# [Records to process]
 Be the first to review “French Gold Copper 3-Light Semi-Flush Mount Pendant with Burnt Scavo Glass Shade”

---

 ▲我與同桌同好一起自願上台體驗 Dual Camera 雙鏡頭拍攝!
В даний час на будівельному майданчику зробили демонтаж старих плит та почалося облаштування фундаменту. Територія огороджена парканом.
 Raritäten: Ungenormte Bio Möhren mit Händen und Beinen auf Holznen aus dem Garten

# [Your goal]
What is asked for is an exact copy of the lines above from the one containing "Dual Camera 雙鏡頭拍攝!" through the one containing "Raritäten: Ungenormte Bio", and only those.

# [Response box]
 ▲我與同桌同好一起自願上台體驗 Dual Camera 雙鏡頭拍攝!
В даний час на будівельному майданчику зробили демонтаж старих плит та почалося облаштування фундаменту. Територія огороджена парканом.
 Raritäten: Ungenormte Bio Möhren mit Händen und Beinen auf Holznen aus dem Garten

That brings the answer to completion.